PROVIDED RECORDS:
BEGIN

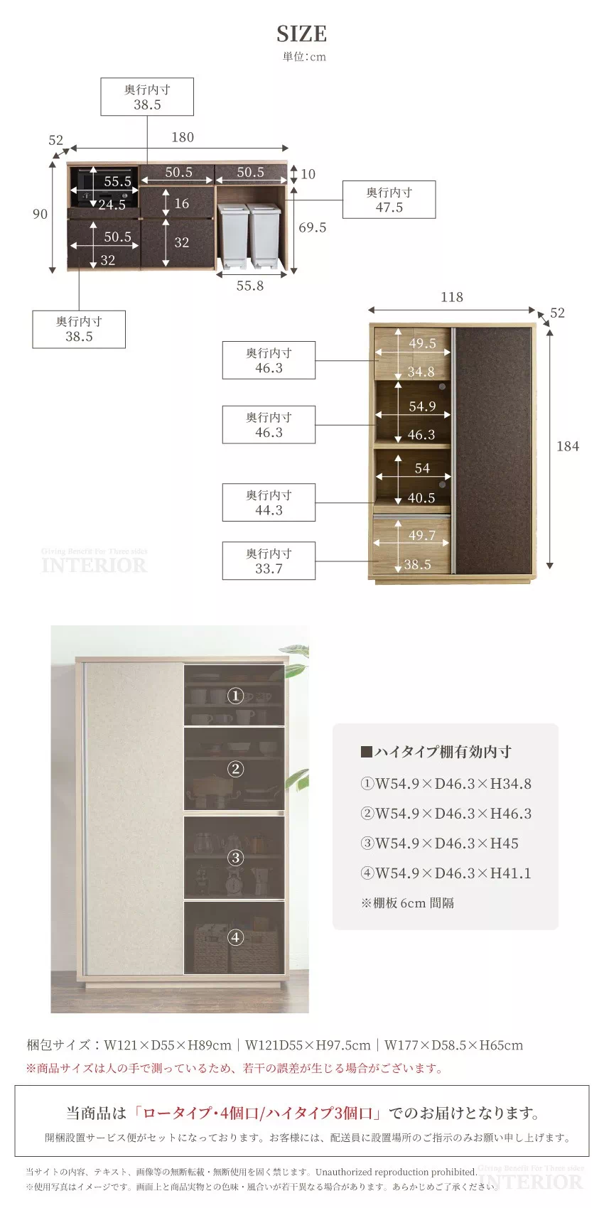| 【120幅】W118×D52×H184cm 【180幅】W180×D52×H90cm 梱包サイズ:W121×D55×H89cm、W121D55×H97.5cm、W177×D58.5×H65cm |
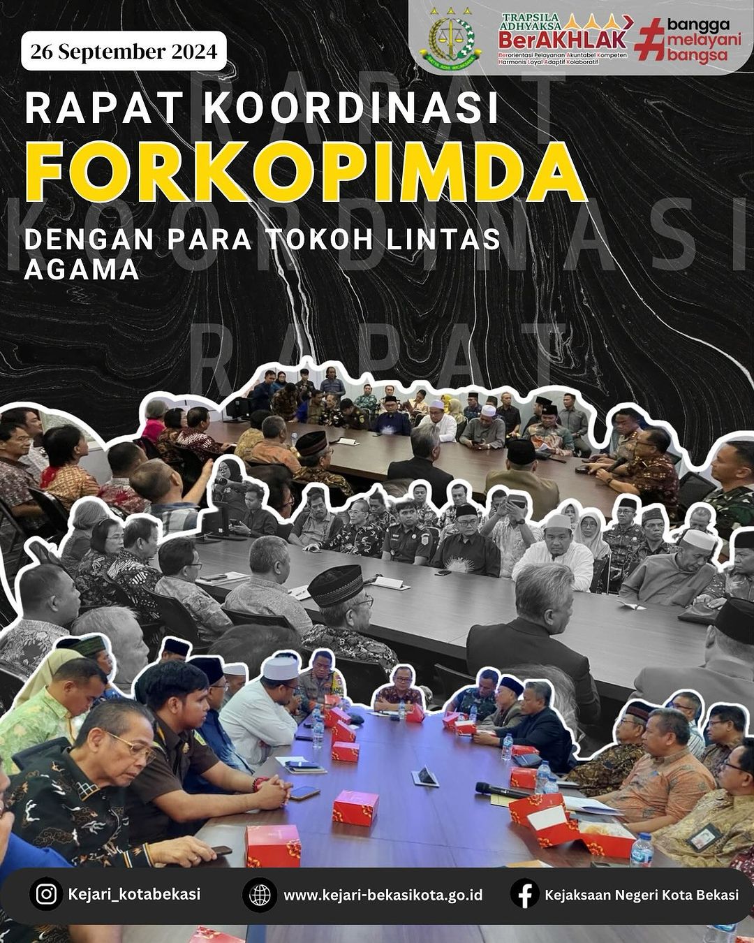 Pada hari Kamis, 26 September 2024 bertempat di Command center Pemerintah Kota Bekasi, Kasubsi A bidang Intelijen Kejari Kota Bekasi mengikuti rapat koordinasi yang diadakan Forkopimda Kota Bekasi dengan Para Tokoh Lintas Agama. Rapat koordinasi tersebut diadakan untuk mencari solusi atas persoalan oknum yang dianggap intoleran di Kota Bekasi mengingat Kota Bekasi yang telah menyandang predikat “Kota Toleran”
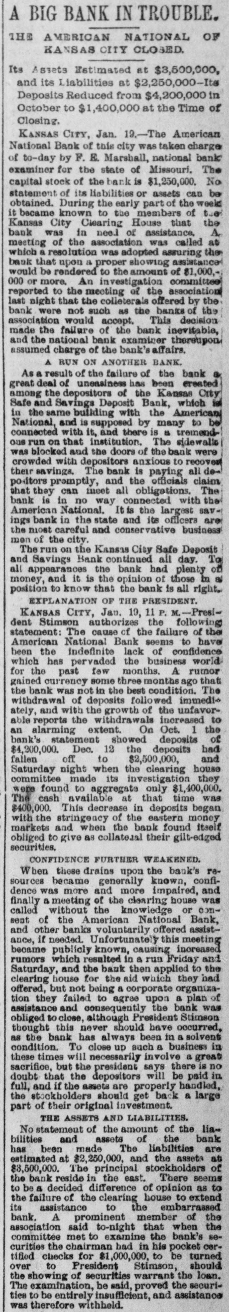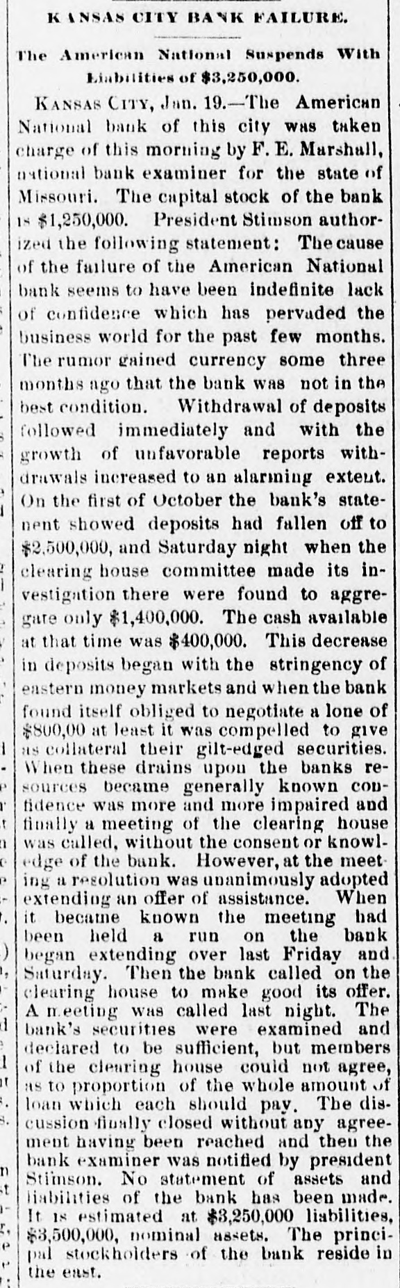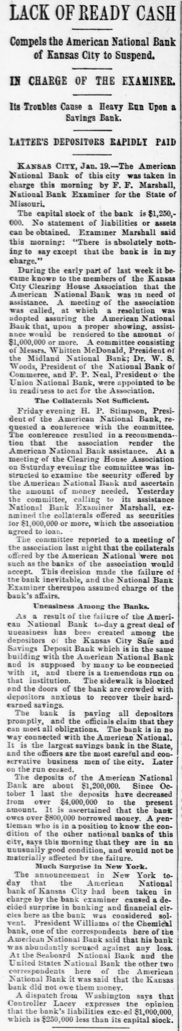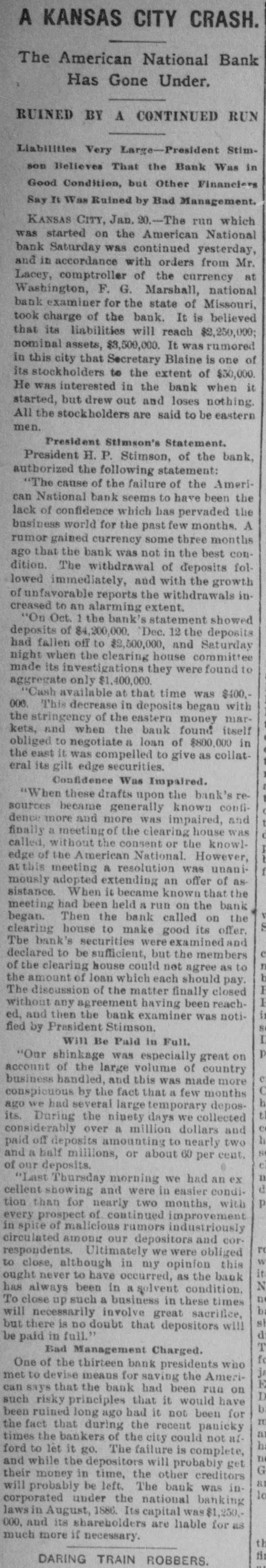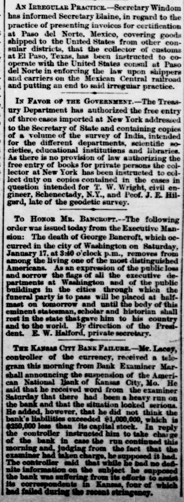 AN IRREGULAR PRACTICE.-Secretary Windom has informed Secretary Blaine, in regard to the practice of presenting invoices for certification at Paso del Norte. Mexico, covering goods shipped to the United States from other consular districts, that the collector of customs at El Paso, Texas, has been instructed to cooperate with the United States consul at Paso del Norte in enforcing the law upon shippers and carriers on the Mexican Central railroad and putting an end to said irregular practice. IN FAVOR OF THE GOVERNMENT.-The Treasury Department has authorized the free entry of three cases imported at New York addressed to the Secretary of State and containing copies of a volume of the survey of India, intended for the different departments, scientific NOcieties, educational institutions and libraries. As there is no provision of law authorizing the free entry of books for private persons the collector at New York has been instructed to collect duty on copies contained in the cases in question intended for T. W. Wright, civil engineer, Schenectady, N.Y., and Peof. J. E. Hilgard, late of the geodetic survey. To HONOR MR. BANCROFT.--The following order was issued today from the Executive Mansion: The death of George Bancroft, which occurred in the city of Washington on Saturday, January 17. at 3:40 o'clock p.m., removes from among the living one of the most distinguished Americans. As an expression of the public loss and sorrow the flags of all the executive departments at Washington and of the public buildings in the cities through which the funeral party is to pass will be placed at halfmast on tomorrow and until the body of this eminent statesman, scholar and historian shall rest in the state thatgave him to his country and to the world. By direction of the President. E. W. Halford, private secretary. THE KANSAS CITY BANK FAILURE.-Mr. Lacey, controller of the currency, received a telegram this morning from Bank Examiner Marshall announcing the suspension of the American National Bank of Kansas City, Mo. He said that he received word from the examiner Saturday that there had been a heavy run on the bank and that the situation looked serious. He added, however, that he did not think the bank's liabilities exceeded $1,000,000, which is $250,000 less than its capital stock. In reply the controller instructed him to take chai ge of the bank in case the run continued this morning and, judging from the fact that the examiner had taken charge, he supposed it had. The controller mid that while he bad no definite information on the subject he supposed the bank was suffering from its efforts to assist its correspondents in Kansas, four of which had failed during the recent stringency.
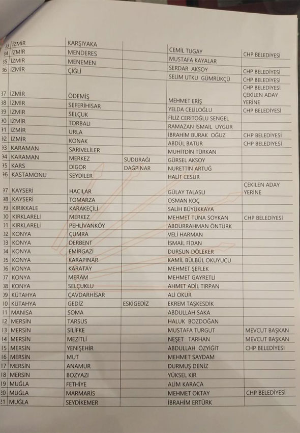 Torun'un yaptığı açıklamada açıkladığı belediye başkan adayları şöyle:
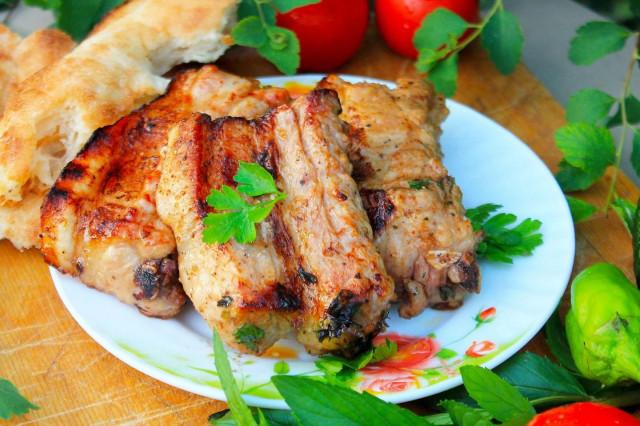 Как сделать свиные рёбрышки на мангале на решётке? Первым делом подготовьте мясо. Рёбрышки должны быть свежие, тогда готовое блюдо получится невероятно нежное и сочное. Если у вас мясо из заморозки, то его следует заранее вынуть из морозильной камеры и разморозить при комнатной температуре. Рёбра ополосните под проточной водой и обсушите бумажными салфетками.
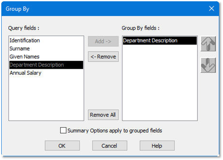 2.  From the Group By dialog box, add Department Description to the Group By fields list.
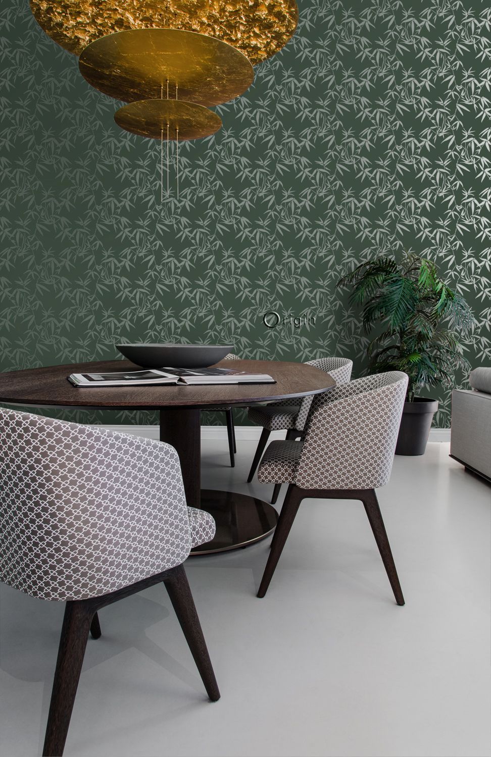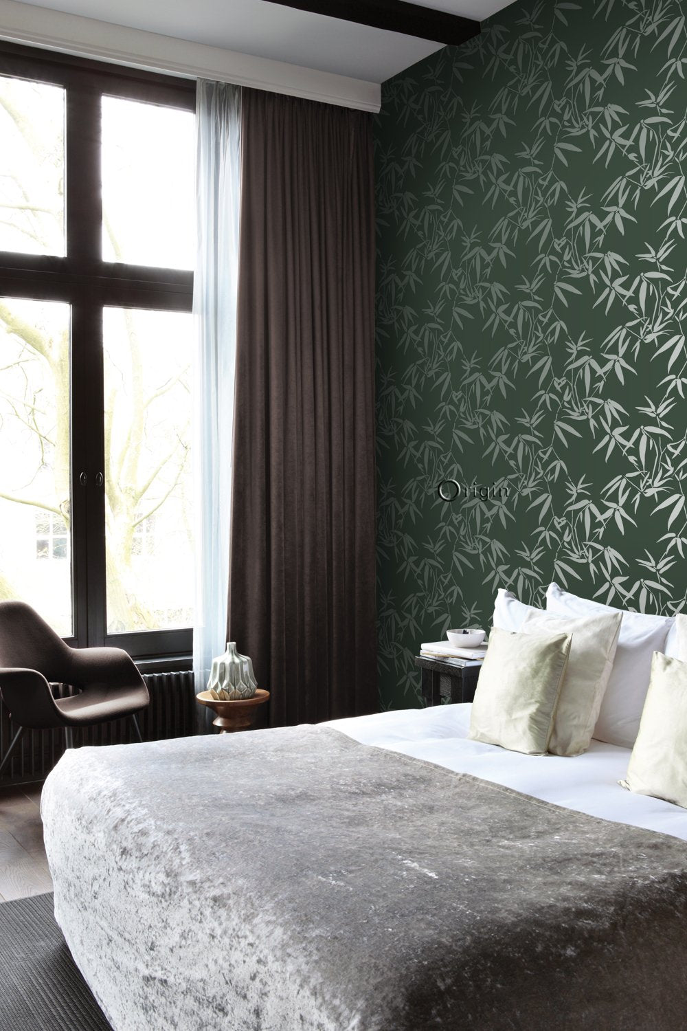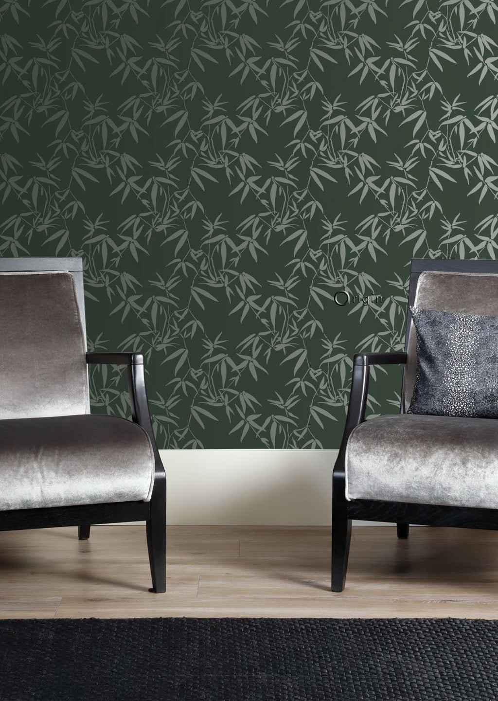 Smycka dina väggar med denna eleganta, iögonenfallande tapet med bambublad i mörkgrönt. Den spännande kontrasten mellan det blanka motivet och den extra matta ytan skapar en livfull dynamik och gör mönstret till en fest för ögat. Perfekt för en attraktiv accentvägg och ett subtilt sätt att ge din interiör lite glamour.
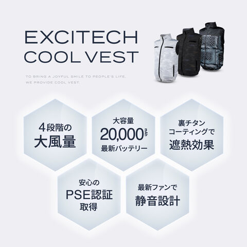 ※EXCITECH COOL VEST専用のファン、バッテリーを必ずご使用ください。他社製品と組み合わせて使用しないでください。
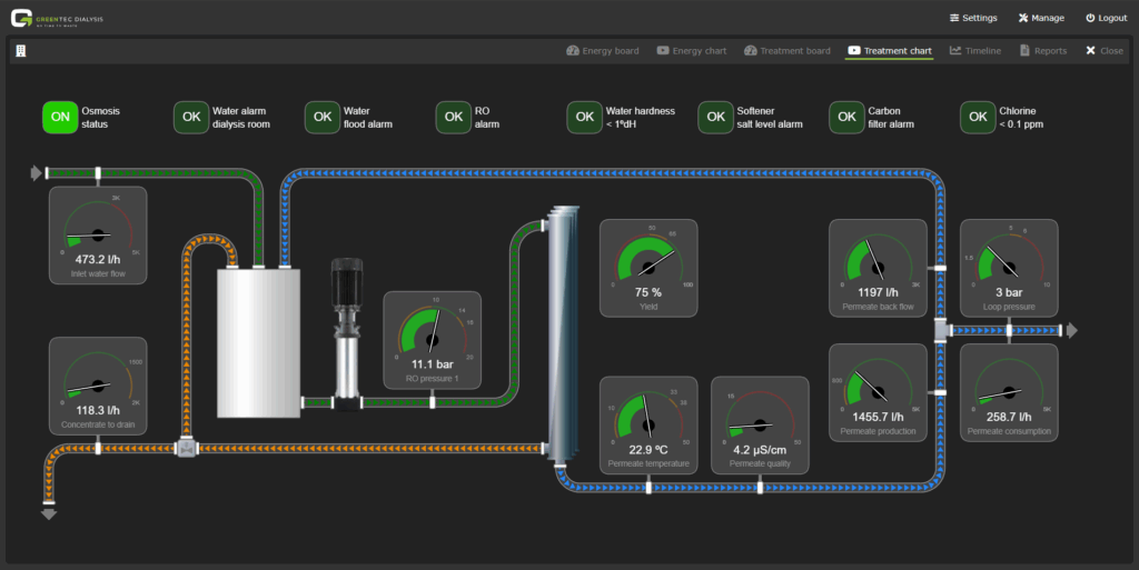 - Automatic dispatch of alerts to shorten on-site response times and minimise the risk of downtime during dialysis operations.

END

EXERCISE DESCRIPTION:
Write out exactly the lines from the one containing "Torun'un yaptığı açıklamada" through the last line of the records above, both ends included, and leave out any pictures.

PROBLEM SOLUTION:
 Torun'un yaptığı açıklamada açıkladığı belediye başkan adayları şöyle:
 Как сделать свиные рёбрышки на мангале на решётке? Первым делом подготовьте мясо. Рёбрышки должны быть свежие, тогда готовое блюдо получится невероятно нежное и сочное. Если у вас мясо из заморозки, то его следует заранее вынуть из морозильной камеры и разморозить при комнатной температуре. Рёбра ополосните под проточной водой и обсушите бумажными салфетками.
 2.  From the Group By dialog box, add Department Description to the Group By fields list.
 Smycka dina väggar med denna eleganta, iögonenfallande tapet med bambublad i mörkgrönt. Den spännande kontrasten mellan det blanka motivet och den extra matta ytan skapar en livfull dynamik och gör mönstret till en fest för ögat. Perfekt för en attraktiv accentvägg och ett subtilt sätt att ge din interiör lite glamour.
 ※EXCITECH COOL VEST専用のファン、バッテリーを必ずご使用ください。他社製品と組み合わせて使用しないでください。
 - Automatic dispatch of alerts to shorten on-site response times and minimise the risk of downtime during dialysis operations.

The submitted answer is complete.